I'm writing a simple lookup function using OpenMP/C++ programming model.

Below is the code block where I offload from host to my 5110P Phi device.

 

        #pragma offload target(mic:0) \
            in(batch_size) \
            nocopy(inputbuf:length(inputbuf_sz/sizeof(uint32_t)) \
                    free_if(0) alloc_if(0) align(CACHE_LINE_SIZE)) \
            nocopy(TBL24:length(TBL24_sz/sizeof(uint16_t)) \
                    free_if(0) alloc_if(0)) \
            nocopy(TBLlong:length(TBLlong_sz/sizeof(uint16_t)) \
                    free_if(0) alloc_if(0)) \
            nocopy(resultbuf:length(resultbuf_sz/sizeof(uint16_t)) \
                    free_if(0) alloc_if(0) align(CACHE_LINE_SIZE))
        {
            //#pragma omp parallel for private(index) num_threads(120)
            #pragma omp parallel for num_threads(120)
            for (int index = 0; index < batch_size; index += 16) {
            #ifdef __MIC__
                __m512i     v_daddr =           _mm512_load_epi32 (inputbuf + index);
                __m512i     v_daddr_shift8 =    _mm512_srli_epi32 (v_daddr, 8);
                __m512i     v_temp_dest =       _mm512_i32extgather_epi32 (v_daddr_shift8, TBL24,
                                                                        _MM_UPCONV_EPI32_UINT16, sizeof(uint16_t), _MM_HINT_NT);
                __m512i     v_ignored_ip =      _mm512_set_epi32 (REPEAT_16(IGNORED_IP));
                __m512i     v_zero =            _mm512_setzero_epi32 ();
                __mmask16   m_is_not_ignored =  _mm512_cmp_epu32_mask (v_daddr, v_ignored_ip, _MM_CMPINT_NE);
                __m512i     v_0x8000 =          _mm512_set_epi32 (REPEAT_16(0x8000));
                __m512i     v_0x7fff =          _mm512_set_epi32 (REPEAT_16(0x7fff));
                __m512i     v_0xff =            _mm512_set_epi32 (REPEAT_16(0xff));
                __mmask16   m_top_bit_set =     _mm512_cmp_epu32_mask (_mm512_and_epi32 (v_temp_dest, v_0x8000),
                                                                        v_zero, _MM_CMPINT_NE);
                __mmask16   m_both_cond_met =   _mm512_kand (m_is_not_ignored, m_top_bit_set);
                __m512i     v_index2 =          _mm512_add_epi32 (_mm512_slli_epi32 (_mm512_and_epi32 (v_temp_dest, v_0x7fff), 8),
                                                                _mm512_and_epi32 (v_daddr, v_0xff));
                __m512i     v_result =          _mm512_mask_i32extgather_epi32 (v_temp_dest, m_both_cond_met, v_index2,
                                                                TBLlong, _MM_UPCONV_EPI32_UINT16, sizeof(uint16_t), _MM_HINT_NT);
                                                _mm512_mask_extstore_epi32(resultbuf, m_is_not_ignored, v_result,
                                                                _MM_DOWNCONV_EPI32_UINT16, _MM_HINT_NT);
            #endif
            }
        }   

In sequential execution, the for loop in this code block should result in O(n),
where n is the total number of iterations (batch_size) in this case.

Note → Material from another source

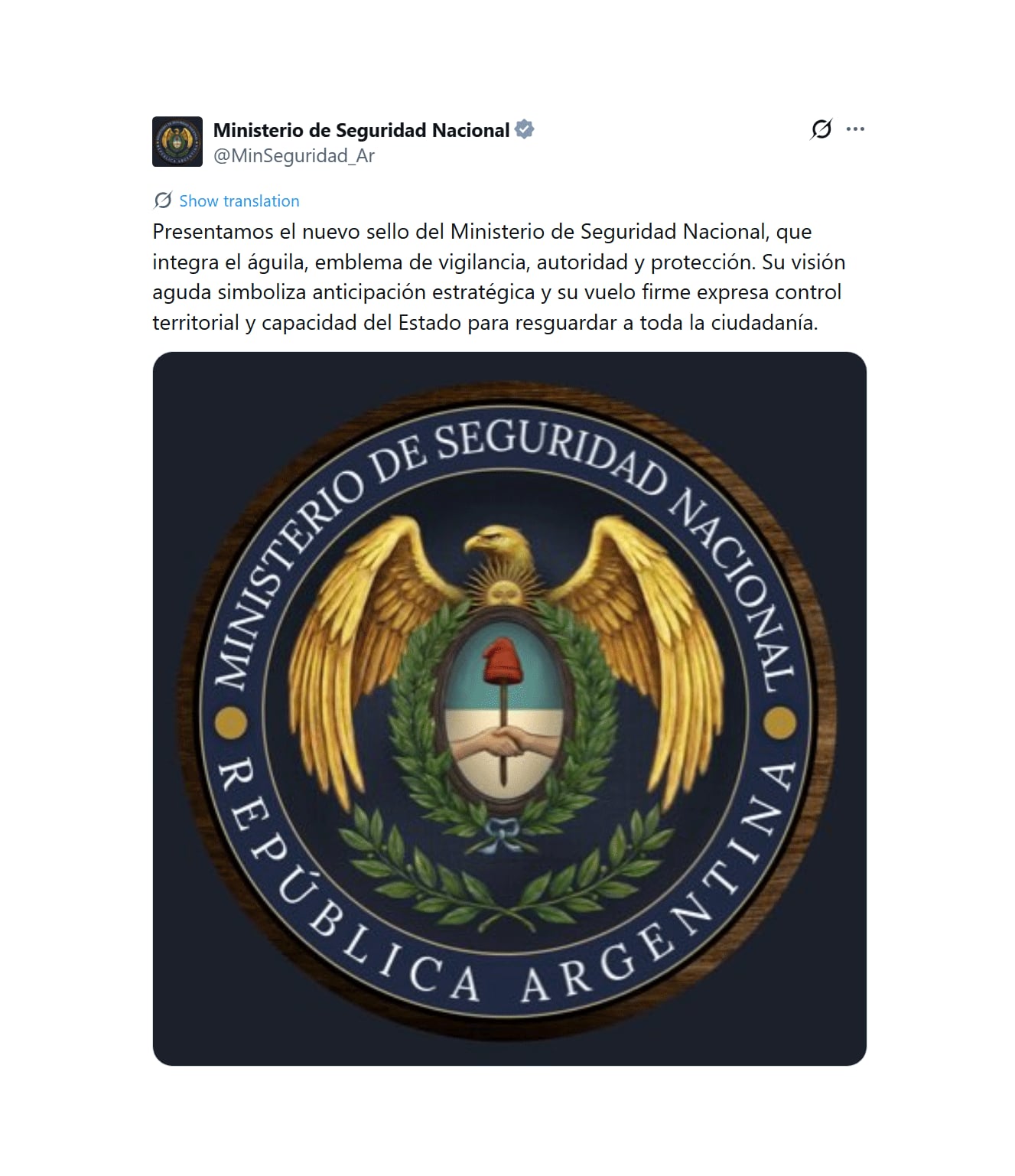 Para el Ministerio de Seguridad Nacional, una de las carteras que cambió de titular con la salida de Patricia Bullrich, quien estará en el Senado, por la nueva ministra Alejandra Monteoliva. Según comunicaron, el nuevo logo “integra el águila, emblema de vigilancia, autoridad y protección. Su visión aguda simboliza anticipación estratégica y su vuelo firme expresa control territorial y capacidad del Estado para resguardar a toda la ciudadanía”.
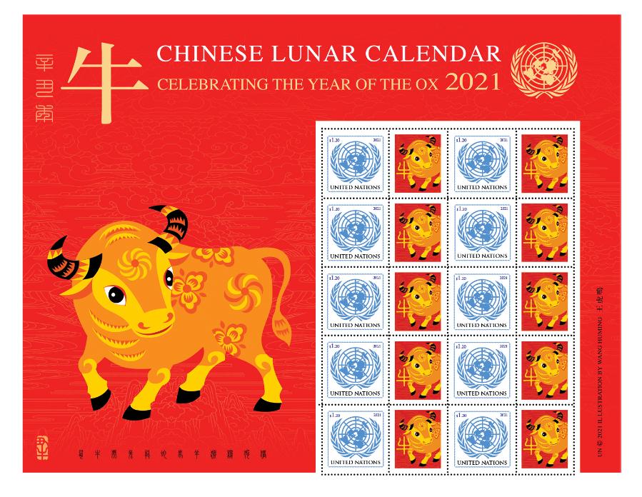 联合国邮政管理局将于1月22日在纽约发行中国农历辛丑年特别版邮票版张,以庆祝2021年中国农历新年。

I, however, have used #pragma omp parallel for with num_threads(120) in order to trigger GPU-like SIMD behavior,
which should (approximately and hopefully) divide the number of sequential iterations by some figure up to 120,
and I used explicit vectorization intrinsics to further reduce it by factor of 16 (16 inputs per iteration, not 1).

Yet, I would up with kernel exec. time of around 90us, which is 30 times what it takes in NVIDIA GPU kernel.

So I started reading vectorization reports, which read:
(FYI, Line 145 is where the for statement is)

dryrun_shared.cc(145): (col. 4) remark: *MIC* loop was not vectorized: existence of vector dependence
dryrun_shared.cc(164): (col. 13) remark: *MIC* vector dependence: assumed FLOW dependence between resultbuf line 164 and inputbuf line 147
dryrun_shared.cc(147): (col. 26) remark: *MIC* vector dependence: assumed ANTI dependence between inputbuf line 147 and resultbuf line 164
dryrun_shared.cc(147): (col. 26) remark: *MIC* vector dependence: assumed ANTI dependence between inputbuf line 147 and resultbuf line 164
dryrun_shared.cc(164): (col. 13) remark: *MIC* vector dependence: assumed FLOW dependence between resultbuf line 164 and inputbuf line 147 

I wasn't really sure what the dependence was, but since I used explicit vectorization, I didn't really care.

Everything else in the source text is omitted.